Objects located considerably farther or nearer than the plane of fixation form images on noncorresponding areas of the two eyes, creating large retinal disparities. Estimation of disparities encountered by observers in a variety of outdoor and indoor scenes shows that many naturally occurring retinal disparities exceed the limits of binocular fusion (32–34).
Binocular conflict also occurs when an observer purposefully uses one eye for visual tasks, such as taking a picture with a viewfinder camera, using a monocular microscope or a telescope, or sneaking a peak while hiding behind a tree. In these situations, the gray, amorphous cloud rendered by the closed eye's view conflicts with the scene viewed by the open eye. The outdoor scene dominates perception but can occasionally disappear within the closed eye's cloud (see González et al. (35), who refer to this effect as “weak BR”).
Occlusion can also lead to situations where one eye sees portions of the scene that are invisible to the other eye (36, 37). This can occur when a discontinuous surface near an observer occludes the visibility of portions of another, more distant surface, or when one side of an object is oriented more toward one eye than the other. One way to experience this conflict is to place a finger in front of one eye while fixating a word on a page; the occluded eye will see more of the finger, while the unoccluded eye will view more of the word on the page.
The answer to the second question—whether and how major interocular conflict in natural environments may lead to BR alternations—has been debated in the literature (38–40) but not resolved. This is because there are several key differences between naturally occurring interocular conflict and the conflict used to cause BR in the laboratory, including interocular differences in stimulus strength and task relevance, differences in attentional focus, and differences in viewing duration. Of particular relevance, there exists a fundamental difference in geometric plausibility between conventional laboratory BR and dissimilar monocular stimulation arising during natural viewing. Most laboratory studies of BR confront observers with conflicting interocular stimuli presented within context-sparse, ambiguous, and, of particular significance for the present work, implausible geometrical conditions. In contrast, interocular conflict associated with natural viewing situations arises within perceptual scenes replete with contextual information, including depth relations among objects. This key difference, to our knowledge, has not been systematically investigated despite strong evidence that vision and especially bistable perception are influenced by visual cues that support a coherent and meaningful interpretation (19, 41, 42). Evidence from prior studies is also mixed. Classical work reported that, at a very close distance, an object positioned to generate interocular conflict causes rivalry alternations (37). In contrast, low incidence of BR suppression was observed when rival stimuli were consistent with geometrically plausible physical occlusion (36). This earlier work, however, was conducted using typical, cue-impoverished laboratory conditions and did not fully test BR under geometrically plausible conditions. Still, it does suggest that the incidence of canonical BR alternations can depend on geometrical plausibility—a factor that has not been thoroughly investigated, presumably due to challenges in manipulating geometric relationships in the natural environment.

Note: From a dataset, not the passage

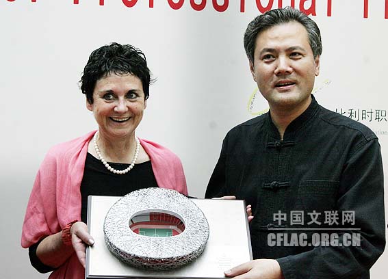 李前光向尼克·胡兹回赠礼品。中国文联网 郭青剑 摄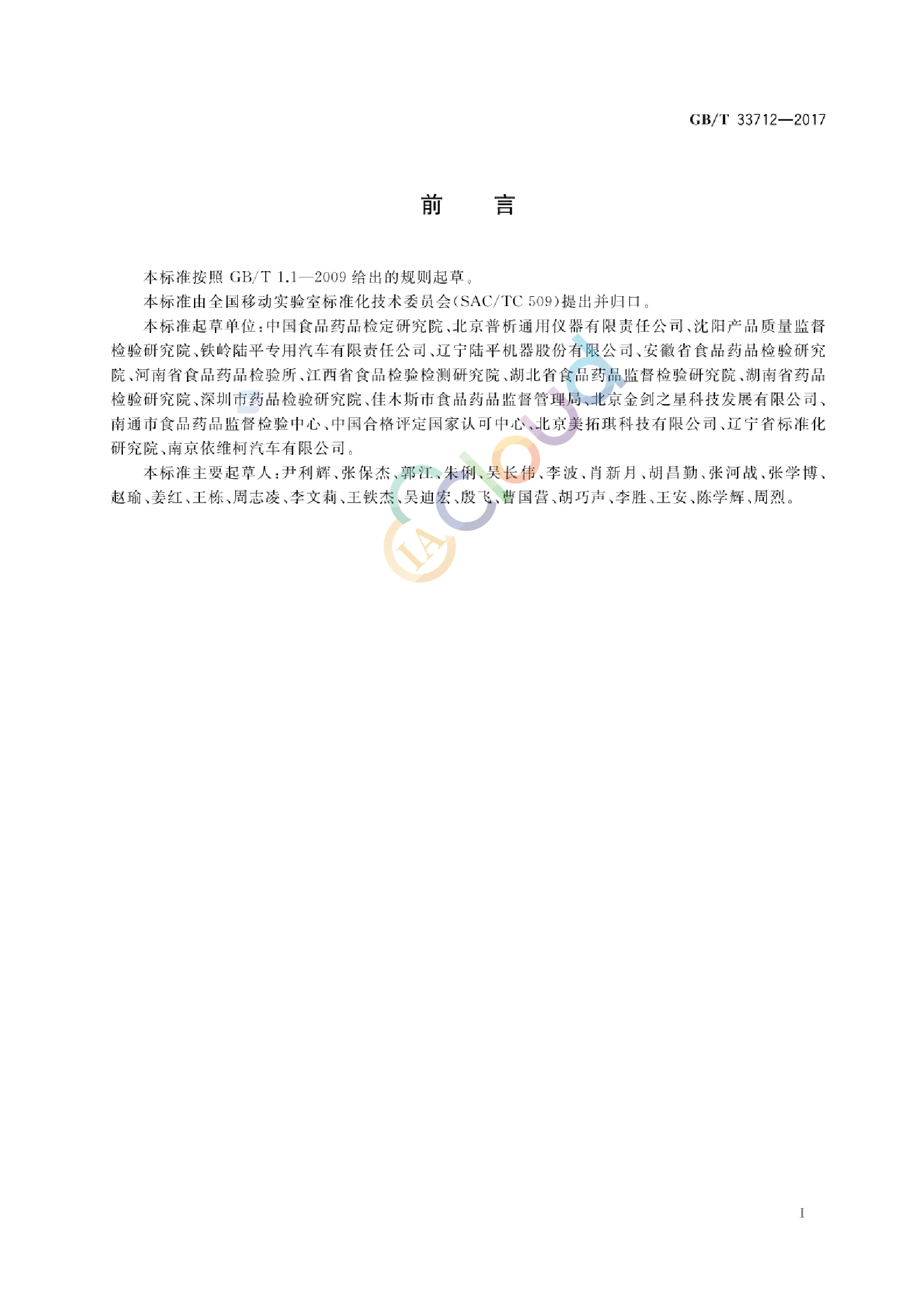 本标准按照GB/T1.1——2009给出的规则起草。 本标准由全国移动实验室标准化技术委员会(SAC/TC 509)提出并归口。 主要起草单位 中国食品药品检定研究院 、北京普析通用仪器有限责任公司 、沈阳产品质量监督检验研究院 、铁岭陆平专用汽车有限责任公司 、辽宁陆平机器股份有限公司 、安徽省食品药品检验研究院 、河南省食品药品检验所 、江西省食品检验检测研究院 、湖北省食品药品监督检验研究院 、湖南省药品检验研究院 、深圳市药品检验研究院 、佳木斯市食品药品监督管理局 、北京金剑之星科技发展有限公司 、南通市食品药品监督检验中心 、中国合格评定国家认可中心 、北京美拓琪科技有限公司 、辽宁省标准化研究院 、南京依维柯汽车有限公司 。 主要起草人 尹利辉 、张保杰 、郭江 、朱俐 、吴长伟 、李波 、肖新月 、胡昌勤 、张河战 、张学博 、赵瑜 、姜红 、王栋 、周志凌 、李文莉 、王铁杰 、吴迪宏 、殷飞 、曹国营 、胡巧声 、李胜 、王安 、陈学辉 、周烈 。

To address this gap in knowledge, we created a cue-rich 3D environment in virtual reality (VR) and examined how the ecological plausibility of geometrical cues affects the incidence and dynamics of BR. With VR, we can create naturalistic testing environments while also retaining the requisite degree of experimental control to carry out psychophysical studies. This includes controlling for attentional focus, stimulus strength,1 and task relevance. We used two different categories of BR stimuli, one portraying stationary form and the other portraying contours moving within an aperture. The impetus for this manipulation was both generalizability and the evidence suggesting that binocular interactions engaged by motion and by form arise within different pathways comprising the visual hierarchy (43, 44). The central hypothesis is that if ecologically plausible, geometrical cues signifying physical occlusion curtail the incidence of BR, we would expect this curtailment to generalize to both form and motion.
Results
The geometric plausibility of the interocular conflict was varied in a stepwise manner in two experiments (Fig. 1; Materials and methods). In experiment 1, we compared the effect of implausible and semi-plausible geometric conditions on BR alternation dynamics. The latter condition incorporated the depth separation between occluding and occluded objects but is considered semi-plausible because each eye can view only one rivaling grating (akin to situations described in point 3 in the Introduction). Experiment 2 used a plausible geometric condition that corresponds to partial monocular occlusion. Participants tracked their perceptual experience in both experiments.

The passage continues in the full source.